Megamolgophis Temporal range: 305–290 Ma PreꞒ Ꞓ O S D C P T J K Pg N

Scientific classification
- Domain: Eukaryota
- Kingdom: Animalia
- Phylum: Chordata
- Order: †Lysorophia
- Genus: †Megamolgophis Romer, 1952
- Type species: Megamolgophis agostini Romer, 1952

= Megamolgophis =

Extinct genus of tetrapods

Megamolgophis is an extinct genus of eel-like tetrapod, possibly belonging to the group Lysorophia. Fossils from this genus have been found in the Allegheny mountains of the eastern United States. The genus is endemic to geological formations of this area, such as the Greene and Washington formations of the Early Permian Dunkard Group, as well as the Pennsylvanian (Late Carboniferous) Conemaugh Group.

If correctly assigned to Lysorophia, members of Megamolgophis would not only be the largest known lysorophians, but also some of the largest lepospondyls in general.
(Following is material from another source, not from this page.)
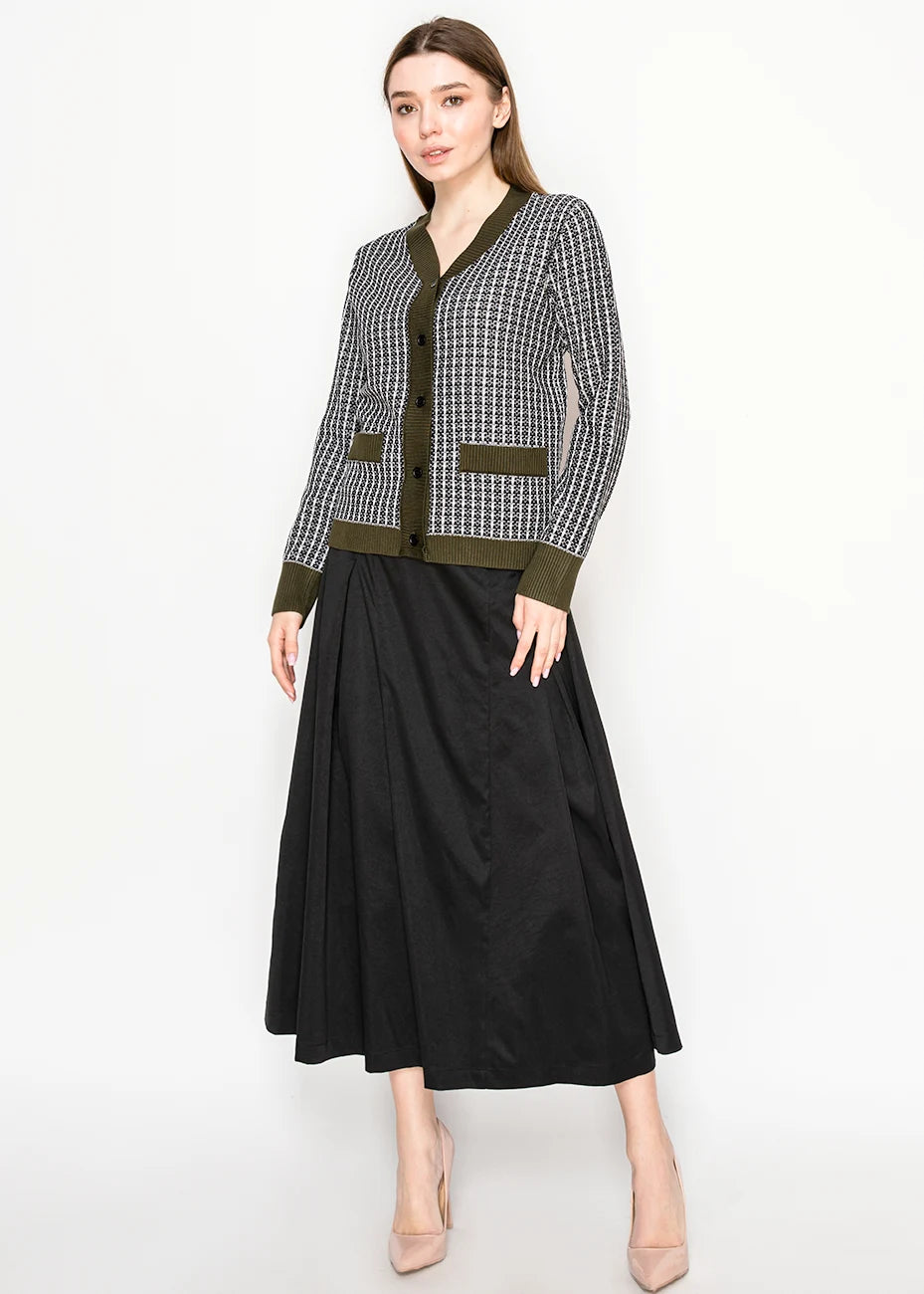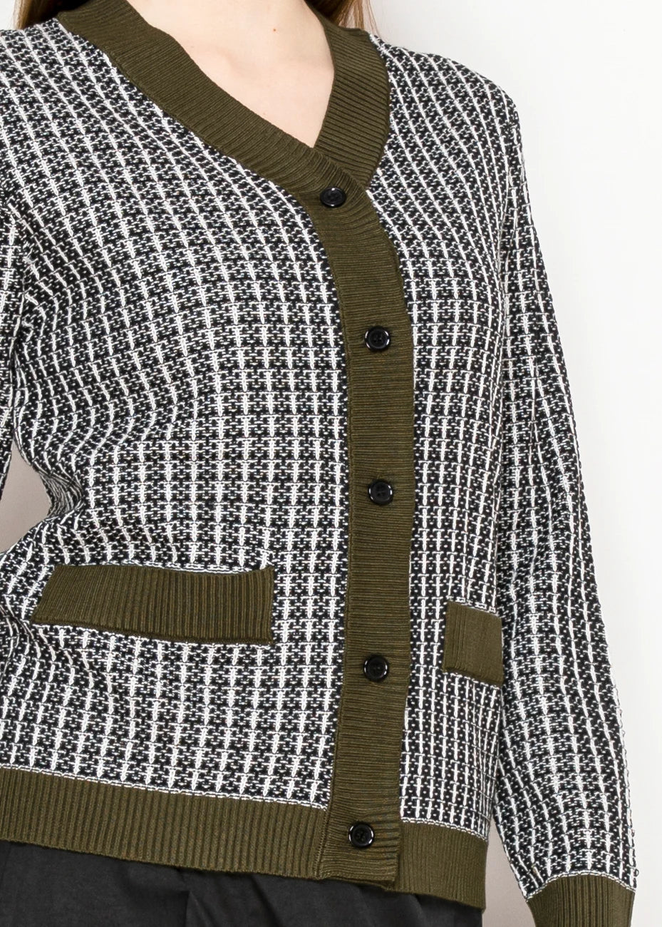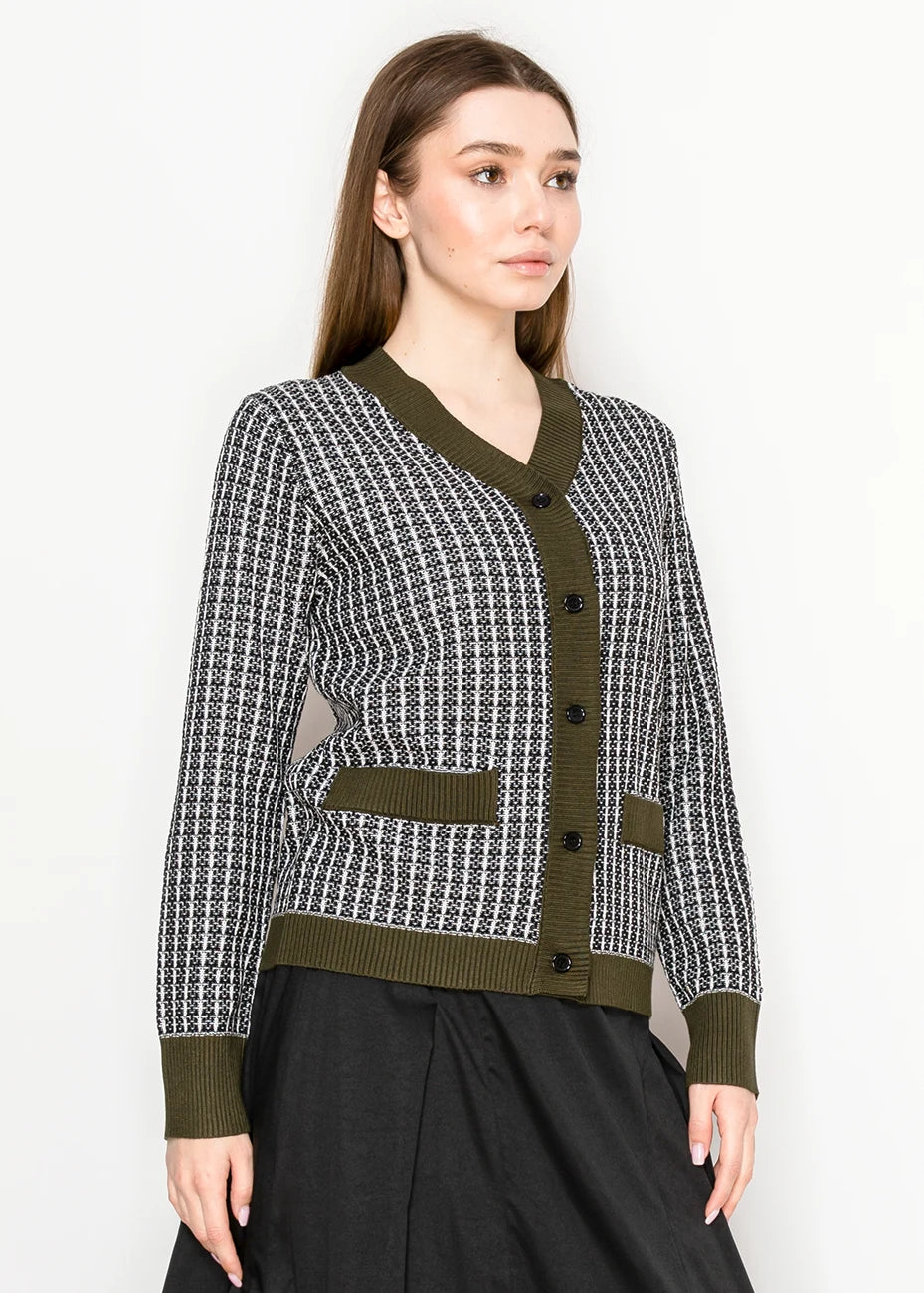Classic meets modern: soft knit structure, smart contrast, and an easy button-up front—perfect for layering.

In 1952, Alfred Romer suggested that the holotype may have been 1.3 meters (four feet) in length, similar to the length of an average black snake. However, based on the length of the specimen's ribs, Romer also considered it likely that it was much wider and therefore much heavier in life than a black snake, instead being proportionally similar to an eastern diamondback rattlesnake. It is uncertain whether this genus legitimately belongs to Lysorophia, as referred skull material shows notable differences with lysorophian skulls.